Let's pass it the img
from Python:
clib.CPP_Reduce.argtypes = (ndpointer(c_uint64,
flags="C_CONTIGUOUS"),
c_uint) # size
clib.CPP_Reduce.restype = c_uint64
...
as_vec64 = img.reshape(prod(img.shape)).view(dtype=np.uint64)
print(f'reduction input: size {as_vec64.nbytes} shape {as_vec64.shape}')
n_iters = 10
tstart = time()
for i in range(n_iters):
clib.CPP_Reduce(as_vec64, as_vec64.shape[0])
dt = (time() - tstart) / n_iters
print(f'dt: {dt:.4f} s')
bandwidth = as_vec64.nbytes / dt / 2**30
print(f'bandwidth: {bandwidth:.4f} GB/s')
...
Output:
reduction input: size 1600000000 shape (200000000,)
dt: 0.0123 s
bandwidth: 120.8112 GB/s
This is on an i5 1335U with RAM clocked at 4.267 GHz.
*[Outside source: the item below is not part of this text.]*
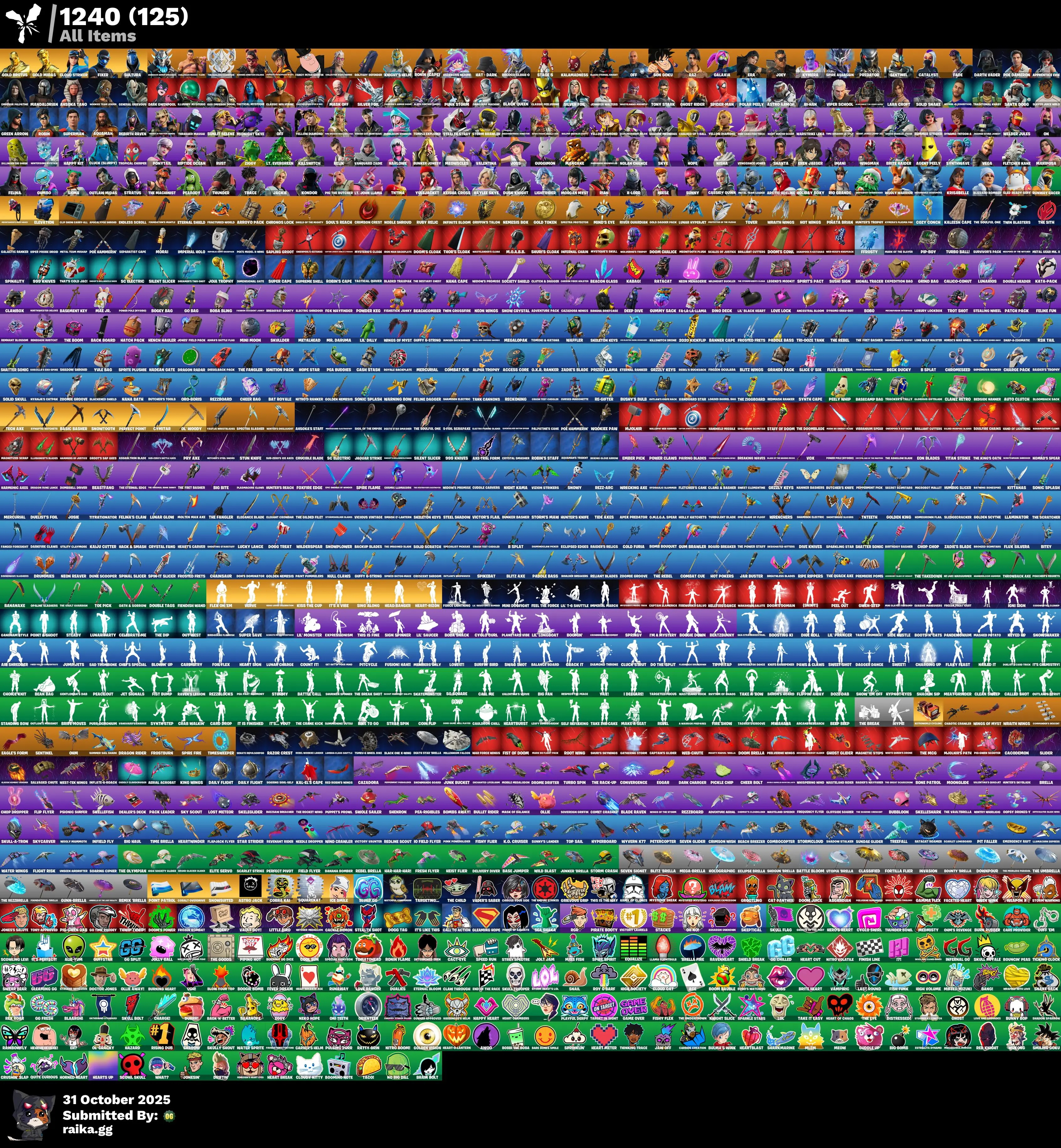 181 skins | Eren Jaeger🎃Son Goku🎃Gold Midas🎃Kiss The Cup🎃Spider-Man🎃Lara Croft🎃Head Banger🎃Jules🎃General Grievous🎃Predator🎃Ollie🎃Black One X-wing🎃Bone Patrol🎃Krisabelle🎃Skeleglider🎃West-Tek Wings🎃Llaminator🎃Kal-El's Cape D5279

The total bus width is 128 bits. Its peak bandwidth, therefore, is 4.267e9 * 16 / 2**30 = 63.58 GB/s. At first glance, it may seem that the reduction example is incorrect, but it's not (I hope). Let's run our reduction function with a different input:
img = np.arange(0, 10000*10000*4, 1, np.float32).reshape((10000, 10000, 4))
Output:
reduction input: size 1600000000 shape (200000000,)
dt: 0.0458 s
bandwidth: 32.5458 GB/s
This result is a lot less surprising (and probably not a great one, but that's off-topic). You can read an explanation here: Linux kernel: Role of zero page allocation at paging_init time
Essentially, due to paging tricks, img
may effectively fit in the CPU cache completely if it's mostly zeros, but "behaves as expected" otherwise.